The RAZR is the stupidest phone I have ever seen in my life. Ever. Yeah it was cool when it first came out, but I’m sick of it. If you have a RAZR and you didn’t get it when it first came out, I’m sorry, I have no respect for you. If you have a RAZR and it’s black, you’d really better fucking love AC/DC and getting your ass kicked. If you have a RAZR and it’s pink, watch out, because I’m going to push you in front of the F (or the B or D depending on how quickly I feel like getting home).

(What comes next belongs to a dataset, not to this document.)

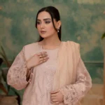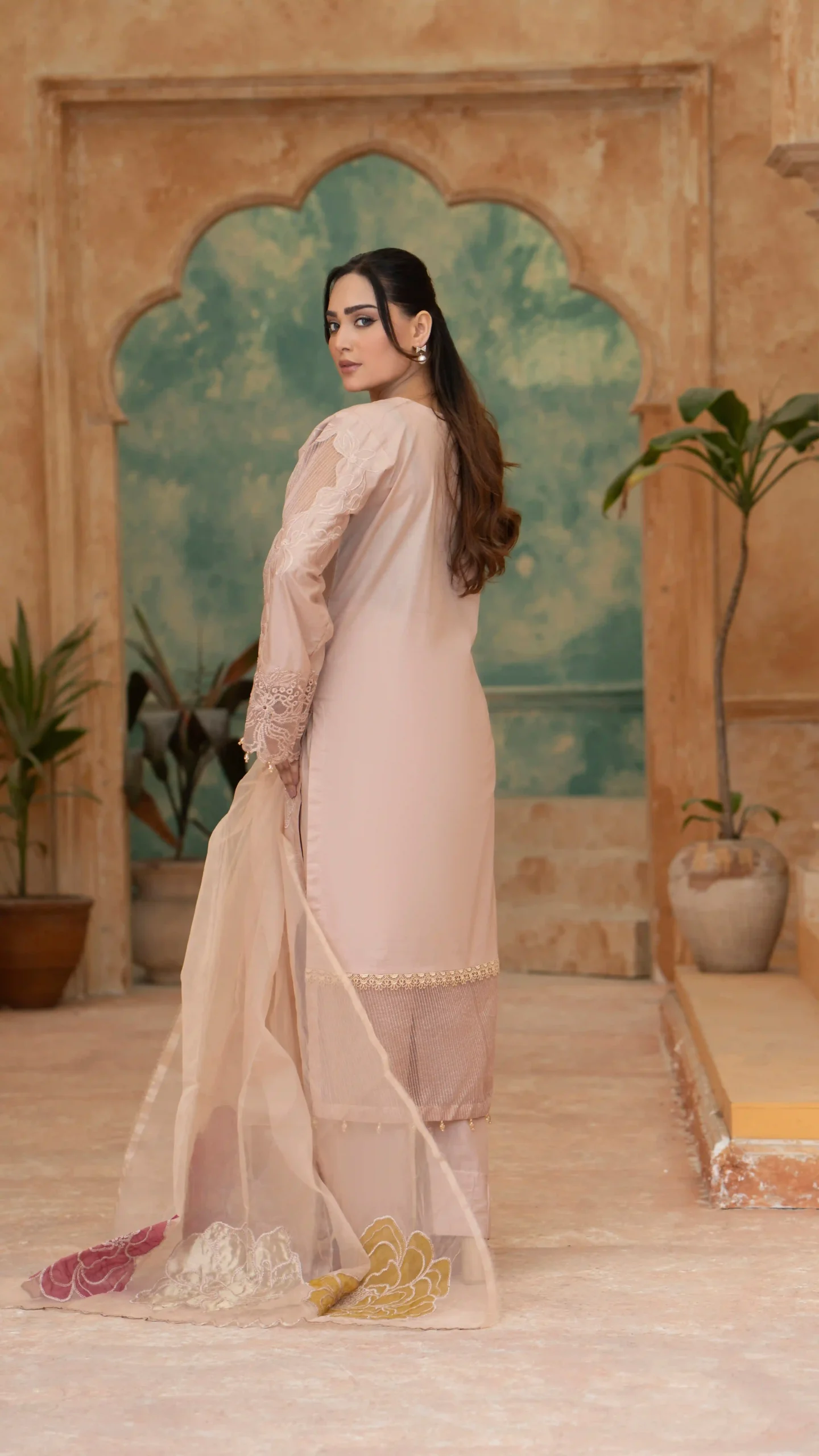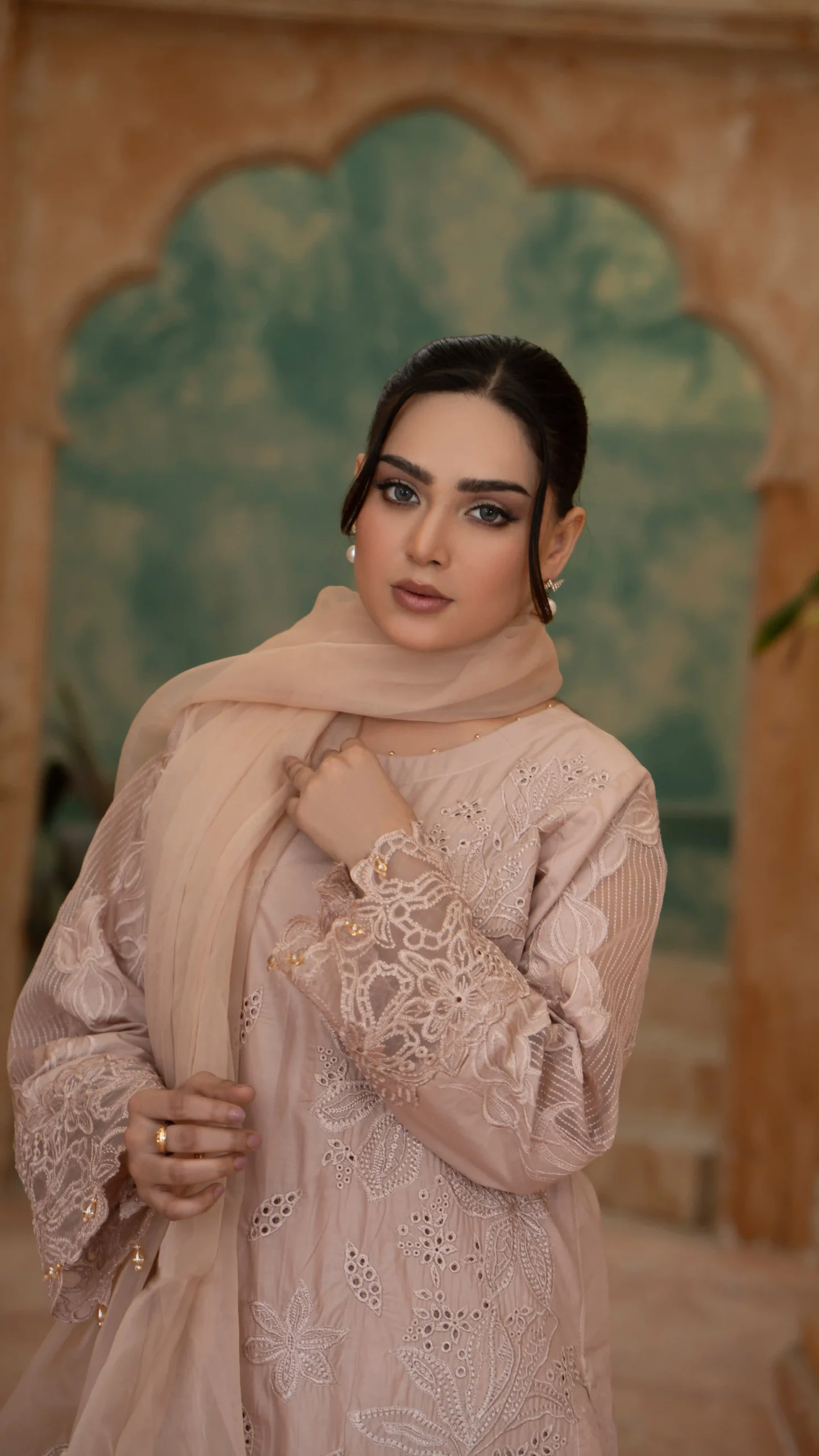 Elegant Embroidered Lawn Outfit with Floral Organza Dupatta

The bottom line people, is that they are all the same phone, with the same technology from over a year ago and if you haven’t been keeping tabs, technology from over a year ago is referred to as “artifact” when it comes to cell phones.

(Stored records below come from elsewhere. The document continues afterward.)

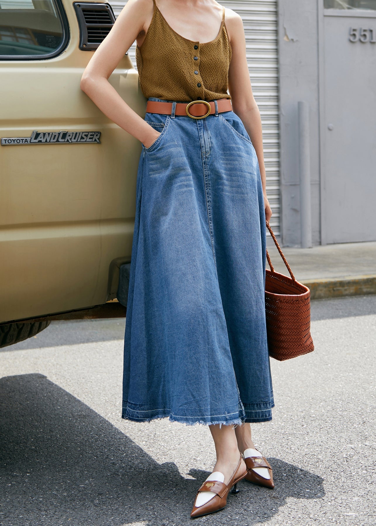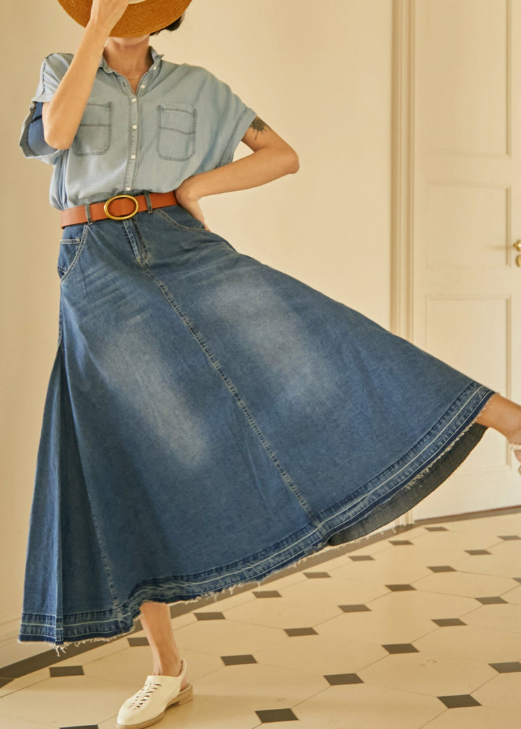 Chic Blue Pockets High Waist Denim Skirt Fall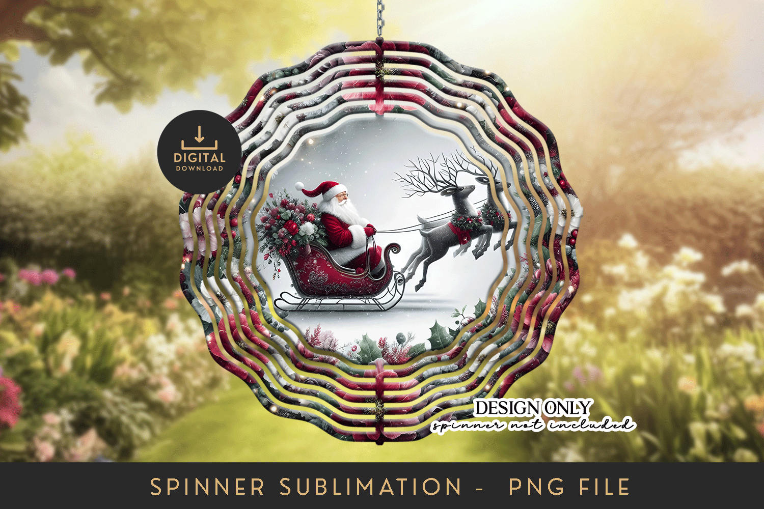 Santa Sleigh Wind Spinner PNG Sublimation Design Art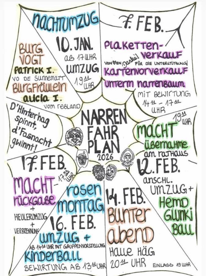 Narren beim Nachtumzug in Häg am 10. Januar 2026

So everyday, and I mean literally everyday, I check Cingular for new phones. I would like to fill you all in on some of the new phones that are out there available for purchase without a plan. Samsung, Nokia, and Sony-Ericsson all have a phone that has a 3.2 Megapixel camera. They are no larger than other phones of those typical makes and models. The Sony-Ericsson one even has built-in software that will immediately upload your pictures to a blog. How cool is that?

What is the newest phone that Cingular has come out with? A blue RAZR.

Okay, I fucking get it. By 2007 you will be able to get a RAZR in every color in the Crayola 64 pack.

But you know what I really don’t get? What I really don’t get is why they’re coming out with a gold RAZR. Yeah that’s right. Gold. A special edition, Dolce&Gabana Gold Razr (and I swear to God if you just said “ooh! Cool!” I am murdering you in your sleep, as early as tonight…though I am busy most of the night pushing Jappy girls in front of the F train*).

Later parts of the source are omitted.